— Мы составляем план, — поясняю я в ответ на мамин вопросительный взгляд. Нет, я понимаю, что это так себе объяснение, но другого у меня нет.
— Это замечательно, но почему бы вам не продолжить его составление завтра? Уже поздно, — говорит мама.
— Сколько времени? — спрашивает Люк, наклоняясь вперед, чтобы посмотреть на часы, стоящие на моем ночном столике.
— Почти десять!
Люк как ошпаренный спрыгивает с моей кровати и начинает одеваться.
— Мне пора бежать, — торопливо говорит он. — Родители, наверное, уже волнуются.
Нашарив ногами свои ботинки, Люк встает, потом наклоняется и целует меня в губы — прямо на глазах у моей мамы.
Это сильно.
Он натягивает куртку, машет нам с мамой на прощание и выбегает из моей комнаты. Я слышу, как он проносится по лестнице, выскакивает из дома и с грохотом захлопывает за собой дверь.
— Извини, — говорю я маме, когда мы остаемся одни. — Я даже не думала, что сейчас так поздно.
— Все нормально, милая, — говорит она, гладя меня по голове. — Люк хороший мальчик.
Мне кажется, будто я слышу нотку ревности в ее голосе, но, возможно, это не так.
— Да, и он мне очень нравится, — отвечаю я. — Кажется, я его люблю.
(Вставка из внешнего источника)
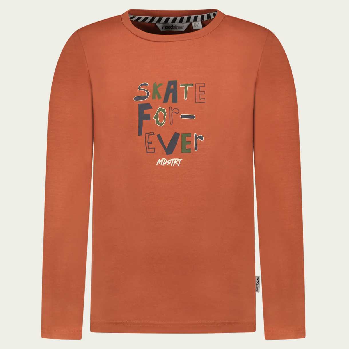 Skate For-Ever. Moodstreets basic longsleeve heeft een goede fit door de fijne elastan. Deze roest bruine heeft een stoere tekst print op de voorkant. Staat super onder het overhemd M208-6191_170. Als je voor dit item kiest, steun je het "Cotton made in Africa" initiatief.
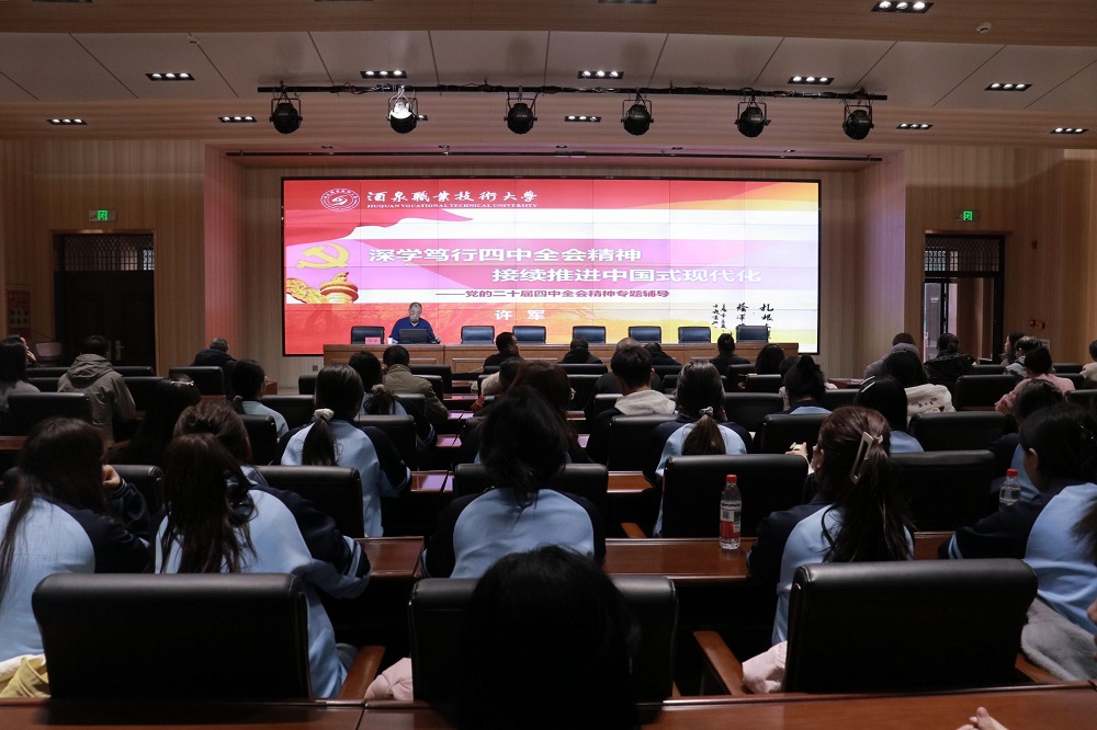坚定为党育人为国育才初心,推动职业教育与区域发展同频共振。2025年11月21日下午,酒泉职业技术大学副书记、校长许军在弘毅楼C座102会议室,为旅游烹饪学院党支部和机关第三党支部的全体党员开展党的二十届四中全会精神专题辅导。

Я готова к тому, что мама сейчас прочитает мне нотацию о первой любви, целомудрии и прочее-прочее, от чего нам обеим будет стыдно, но она этого не делает. К моему удивлению, она просто говорит:
— Я знаю.
Она обнимает меня и уходит, а я остаюсь одна в комнате, переполненная счастьем этого дня, и сожалею только о том, что не смогу сохранить его навсегда.
Поэтому помимо письма одному человеку я пишу еще одно, самой себе, и только потом отпускаю этот чудесный день в небытие.
Глава тридцать восьмая
Алекс Морган никак не хочет отойти от своего шкафчика.
Передо мной стоит простая задача: просунуть запечатанный конверт через вентиляционную решетку в дверце шкафчика Алекс, оставшись при этом незамеченной.